The size 2 model who sought mini-lipo featured on The Today Show

By Valerie Kusler

Earlier this week, in my half-asleep daze, I flipped on the Today Show for background noise while getting ready for work. When I heard Matt Lauer introduce one of the segments, I stopped in my tracks, turned up the volume, and braced myself. “Why are thin, fit women getting liposuction?” he inquired. Oh boy. This should be fun. It’s always amusing when the mainstream media seem so shocked and dismayed at a phenomenon that they help perpetuate every single day.

The segment begins with a pre-filmed story about a woman named Nicole Silva: model since age 15, size 2, and current liposuction patient. Oh, sorry, mini liposuction, which according to the Today Show reporter, “is far less invasive than traditional liposuction” and completed within an hour. Nicole wants to trim her thighs, because she’s feeling the pressure of aging in the modeling world. “I love my body,” she explains. “I’m very comfortable with my body. I don’t think it’s bad at all. I just know that it can be better.”

At this point, I’m already scoffing, “Loves her body? Is comfortable with her body? This woman clearly has zero concept of real body confidence.” After a beat though, I have to admit I was questioning myself, or at least my logic on this point. Isn’t it possible to know we are great in other areas of life, yet want to improve to be an even better writer, concert pianist, gymnast? What makes the body any different? Or is it the line that is being crossed in surgically modifying, versus doing what’s in our natural power to be the best person we can be? (Lance Armstrong comes to mind.)

I digress – because at this point, Dr. David Amron, a Bevery Hills dermatological surgeon, comes on screen and states:

“It seems like every other patient I’m seeing for liposuction is a thin, fit patient… somebody can be thin like Nicole and have stubborn disproportioned areas of fat, and they can be a perfect candidate for liposuction. It’s all about my role in terms of rebalancing her body.”

Next on screen, to continue the story’s paradoxical theme, is Glamour Magazine’s Cindy Levy:

“I think you have to watch out when you start fixing flaws that nobody but you can see you might end up with the kind of body you will never be happy with. You need to make sure that once you have the surgery you’re not going to say, ‘any little flaw that comes up, I’m going to fix that too,’ because it’s a slippery slope.”

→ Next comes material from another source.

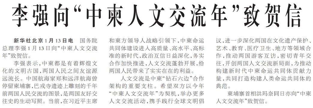国务院总理李强1月13日向“中柬人文交流年”致贺信。

Her point is hard to argue with, but what is it really worth when the magazine that she works for features mostly models with bodies that are unattainable by 95% of women?

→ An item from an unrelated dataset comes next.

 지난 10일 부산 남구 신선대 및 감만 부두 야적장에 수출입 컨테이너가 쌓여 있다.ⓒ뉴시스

Fast-forward to the live interview, in which Matt grills Dr. Amron and clinical psychologist Belisa Vranich about the motivation driving thin women who want to receive liposuction, and what might be going on psychologically that makes them feel they need the procedure. Dr. Vranich explains, “If I have a patient who wants liposuction, we have to talk about some psychological factors in there. Is it a quest for perfection? Is it a quest for happiness, which should be done somewhere outside a surgeon’s office, maybe in addition to the surgery? Is it an event or is it an age that’s making you go in for the surgery? Once you’ve talked about all that, if you want to go in and get that one little problem area done, it’s not a bad idea.”

Not a bad idea, eh? So what about when the patient goes in for that consultation to Dr. Amron? Matt asks him, “Would you say no to someone if you get the hint and the red flag goes up that this is about trying to win back that guy, as opposed to just being more comfortable in their body? Would you say, ‘No, I don’t want to do this procedure’?” Amron responds, “If I see someone who is a candidate, and I feel that liposuction is going to make an improvement, I will probably want to do the surgery, but I also want to make sure they’re in the right mindset for things, and not be using it to replace some sense of internal happiness.” How thoughtful! Just wait.

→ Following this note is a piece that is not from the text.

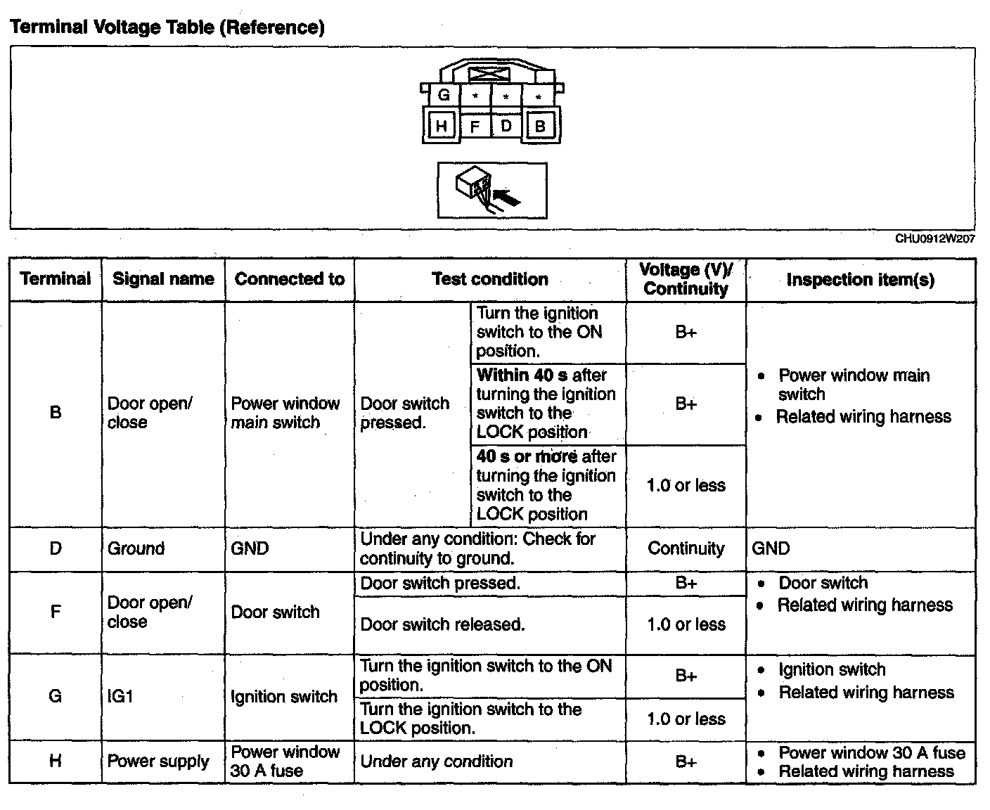 1. Measure voltage or inspect for continuity according to the Terminal Voltage Table (Reference).

At the end, Matt mentions a recent study that the New York Times covered about liposuction, which revealed that weight gained after the procedure would just redistribute to other areas of the body. Dr. Amron defensively rebutted that he “reviewed the study extensively” and felt that it was flawed, because the participants were not evaluated for disproportion. “For example, I don’t ask a patient what they want to do. I determine as a surgeon what really should be done to rebalance their body. If you don’t do that, you run the risk of throwing someone out of balance, out of proportion.”

Whatever happened to client empowerment, especially considering this is an elective surgery? I’m not going to say that liposuction is a bad choice in absolutely every situation. However, if there’s a trend of more and more people feeling like they need the procedure, especially when they are already healthy and “fit” (by their own definition), it certainly does speak to our society’s continually narrowing standard of beauty and demand for perfection. I guess I’m good. Just not good enough.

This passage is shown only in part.